(PROBLEM DETAILS)
Could you give again exactly, and only, the lines from the one holding "Наши выпускники разбросаны" through the end of the data, both ends included, with pictures left out?

(SUPPLIED DATA)
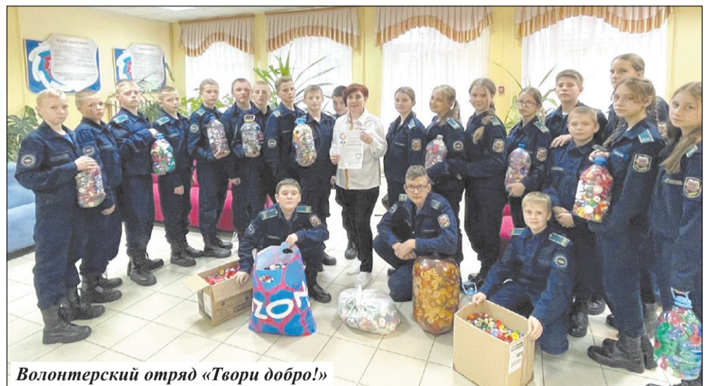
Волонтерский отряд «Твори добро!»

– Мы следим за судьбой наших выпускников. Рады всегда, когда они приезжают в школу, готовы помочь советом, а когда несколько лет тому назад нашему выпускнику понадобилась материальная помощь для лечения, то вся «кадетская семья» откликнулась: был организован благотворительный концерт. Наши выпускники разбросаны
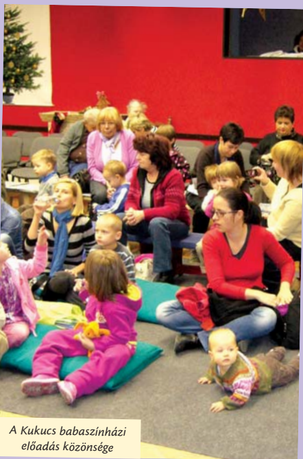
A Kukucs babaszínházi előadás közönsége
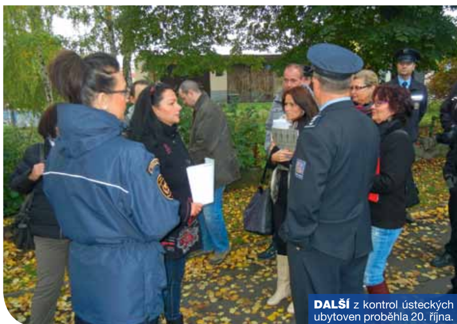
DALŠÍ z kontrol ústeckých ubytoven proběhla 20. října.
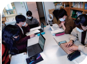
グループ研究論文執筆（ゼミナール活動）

(RESPONSE AREA)
– Мы следим за судьбой наших выпускников. Рады всегда, когда они приезжают в школу, готовы помочь советом, а когда несколько лет тому назад нашему выпускнику понадобилась материальная помощь для лечения, то вся «кадетская семья» откликнулась: был организован благотворительный концерт. Наши выпускники разбросаны
A Kukucs babaszínházi előadás közönsége
DALŠÍ z kontrol ústeckých ubytoven proběhla 20. října.
グループ研究論文執筆（ゼミナール活動）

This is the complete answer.